03 May, 2007

40 commits

  • Add hooks to allow a paravirt implementation to track the lifetime of
    an mm. Paravirtualization requires three hooks, but only two are
    needed in common code. They are:

    arch_dup_mmap, which is called when a new mmap is created at fork

    arch_exit_mmap, which is called when the last process reference to an
    mm is dropped, which typically happens on exit and exec.

    The third hook is activate_mm, which is called from the arch-specific
    activate_mm() macro/function, and so doesn't need stub versions for
    other architectures. It's called when an mm is first used.

    Signed-off-by: Jeremy Fitzhardinge
    Signed-off-by: Andi Kleen
    Cc: linux-arch@vger.kernel.org
    Cc: James Bottomley
    Acked-by: Ingo Molnar

    Jeremy Fitzhardinge
     
  • Normally when running in PAE mode, the 4th PMD maps the kernel address space,
    which can be shared among all processes (since they all need the same kernel
    mappings).

    Xen, however, does not allow guests to have the kernel pmd shared between page
    tables, so parameterize pgtable.c to allow both modes of operation.

    There are several side-effects of this. One is that vmalloc will update the
    kernel address space mappings, and those updates need to be propagated into
    all processes if the kernel mappings are not intrinsically shared. In the
    non-PAE case, this is done by maintaining a pgd_list of all processes; this
    list is used when all process pagetables must be updated. pgd_list is
    threaded via otherwise unused entries in the page structure for the pgd, which
    means that the pgd must be page-sized for this to work.

    Normally the PAE pgd is only 4x64 byte entries large, but Xen requires the PAE
    pgd to page aligned anyway, so this patch forces the pgd to be page
    aligned+sized when the kernel pmd is unshared, to accomodate both these
    requirements.

    Also, since there may be several distinct kernel pmds (if the user/kernel
    split is below 3G), there's no point in allocating them from a slab cache;
    they're just allocated with get_free_page and initialized appropriately. (Of
    course the could be cached if there is just a single kernel pmd - which is the
    default with a 3G user/kernel split - but it doesn't seem worthwhile to add
    yet another case into this code).

    [ Many thanks to wli for review comments. ]

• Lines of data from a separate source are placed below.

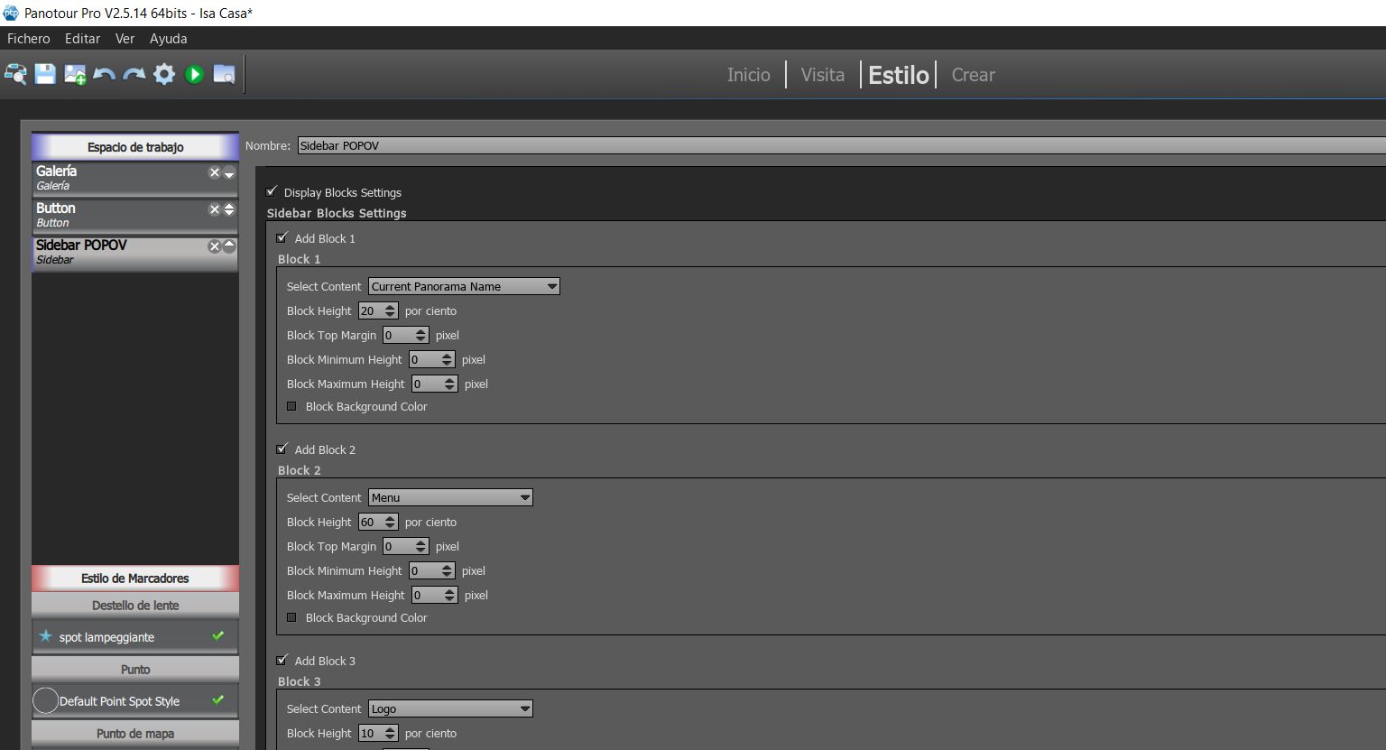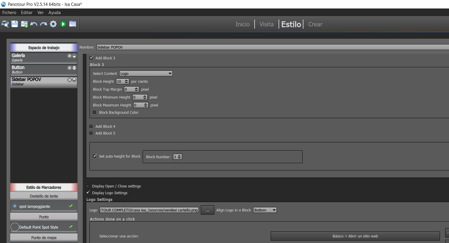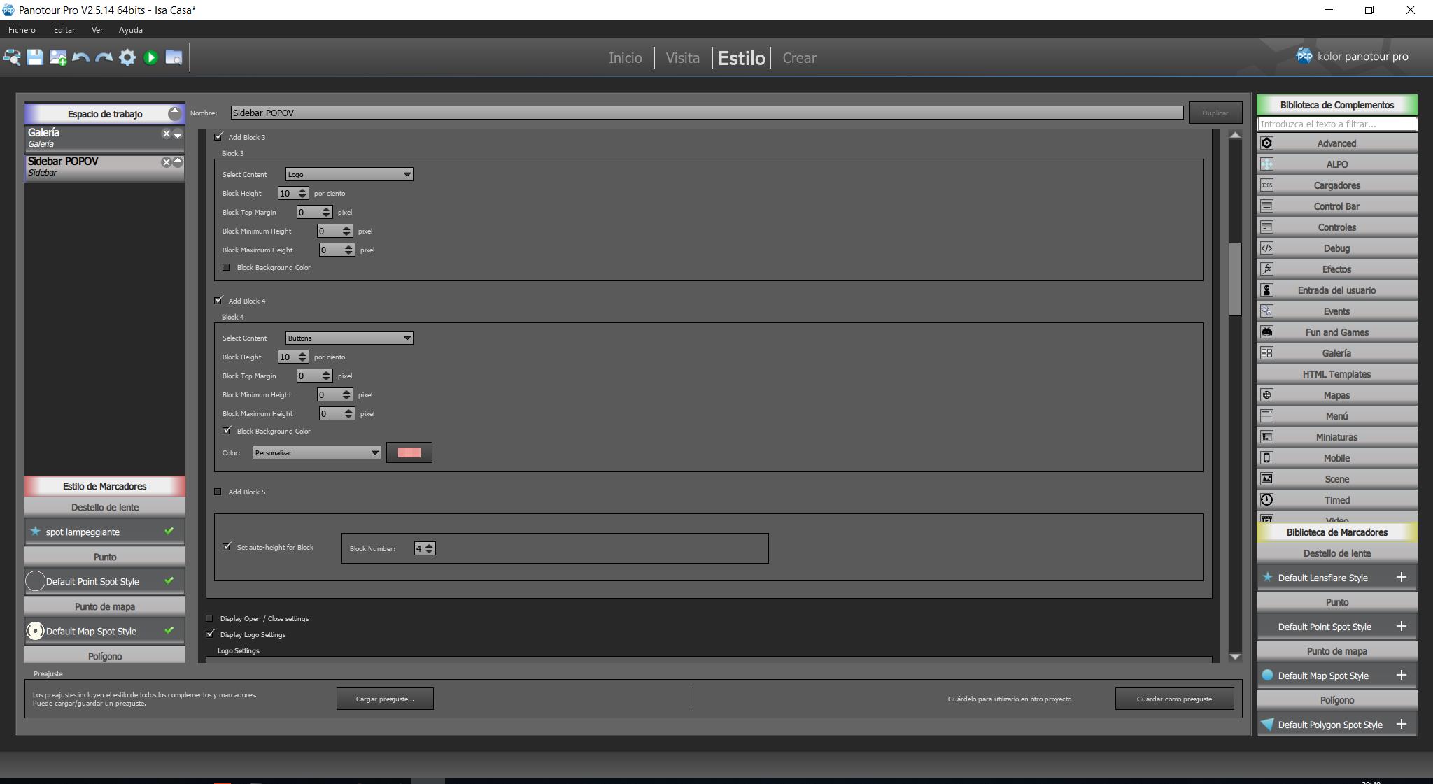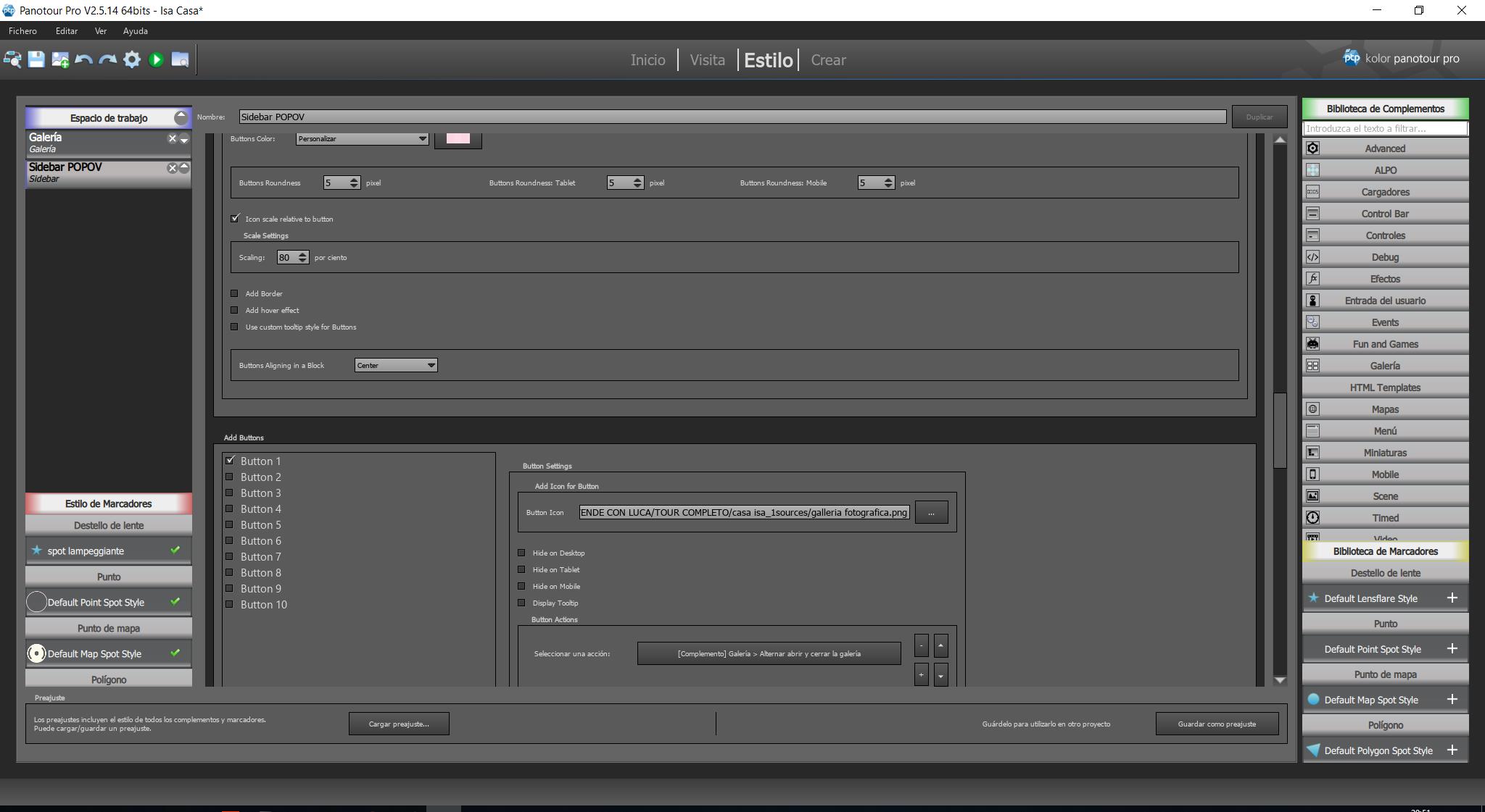 Para incluír botones “Button” en el Sidebar primero debes decirle donde va y después lo qué va a hacer el botón. Del mismo modo que añadiste bloques para el Nombre del Panorama que Estás Viendo (Add Block 1, Current Panorama Name), el Menu (Add Block 2, Menu), y el Logo (Add Block 3, Logo) (Capture_01172019_201648_risultato), debes añadir un bloque para los botones (sería: Add Block 4, Buttons).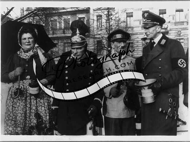 3 men and 1 woman representing German Air Defense Assoc. collecting money for charity Potsdam Platz, in Nazi uniform, is Gen. von Schroder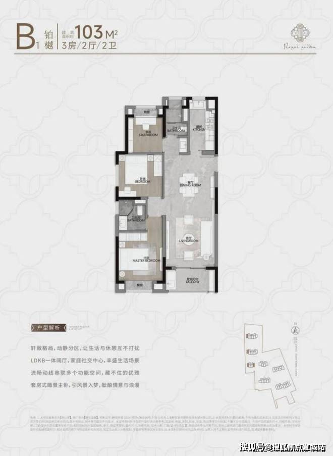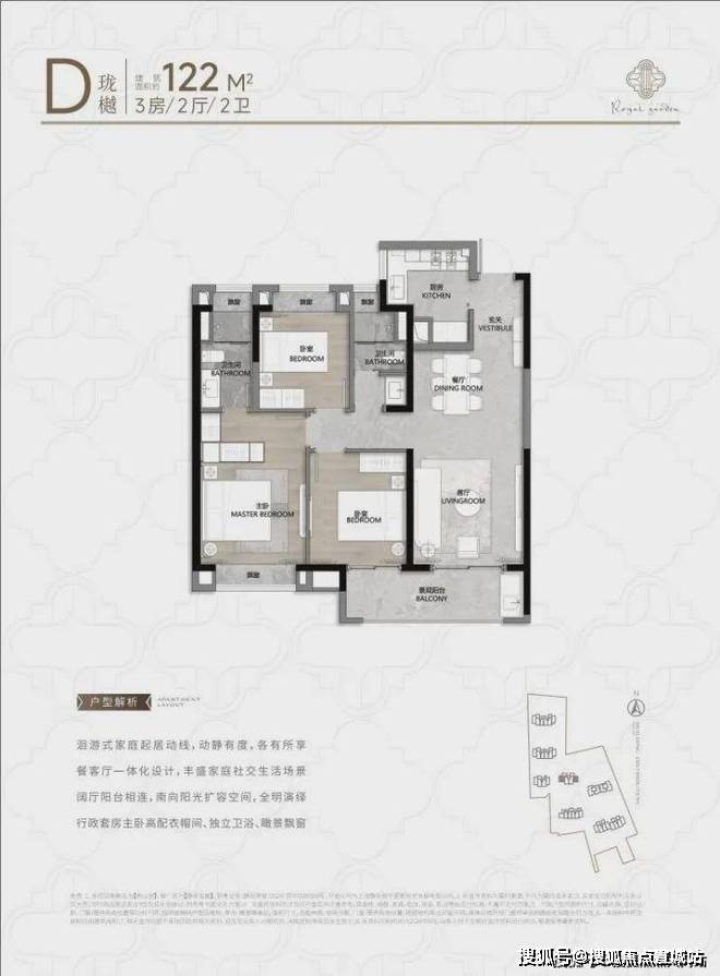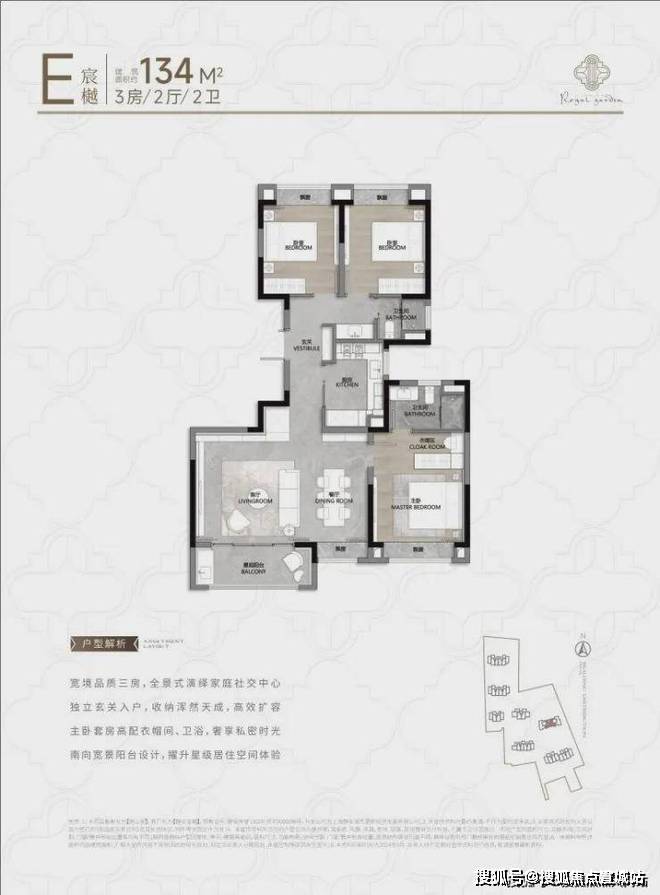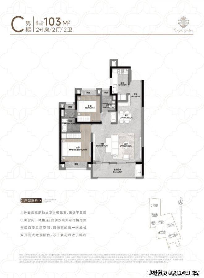 静安玺樾售楼处电话:400-8123-224(售楼处最新电话)上海静安玺樾官方电话:400-8123-224✔(官方售楼处预约看房热线)104㎡3户型特点:该户型多为楼栋的东边套,是一个观景户型.客厅连接270°阳台,视野出众.双卧朝南,阳光满溢.从次卫布局看,如果家庭人口较少,该户型还能做成双套卧.

    Signed-off-by: Jeremy Fitzhardinge
    Signed-off-by: William Lee Irwin III
    Signed-off-by: Andi Kleen
    Cc: Zachary Amsden
    Cc: Christoph Lameter
    Acked-by: Ingo Molnar
    Signed-off-by: Andrew Morton

    Jeremy Fitzhardinge
     
  • Allocate a fixmap slot for use by a paravirt_ops implementation. This
    is intended for early-boot bootstrap mappings. Once the zones and
    allocator have been set up, it would be better to use get_vm_area() to
    allocate some virtual space.

    Xen uses this to map the hypervisor's shared info page, which doesn't
    have a pseudo-physical page number, and therefore can't be mapped
    ordinarily. It is needed early because it contains the vcpu state,
    including the interrupt mask.

    Signed-off-by: Jeremy Fitzhardinge
    Signed-off-by: Andi Kleen
    Acked-by: Ingo Molnar

    Jeremy Fitzhardinge
     
  • This patch introduces paravirt_ops hooks to control how the kernel's
    initial pagetable is set up.

    In the case of a native boot, the very early bootstrap code creates a
    simple non-PAE pagetable to map the kernel and physical memory. When
    the VM subsystem is initialized, it creates a proper pagetable which
    respects the PAE mode, large pages, etc.

    When booting under a hypervisor, there are many possibilities for what
    paging environment the hypervisor establishes for the guest kernel, so
    the constructon of the kernel's pagetable depends on the hypervisor.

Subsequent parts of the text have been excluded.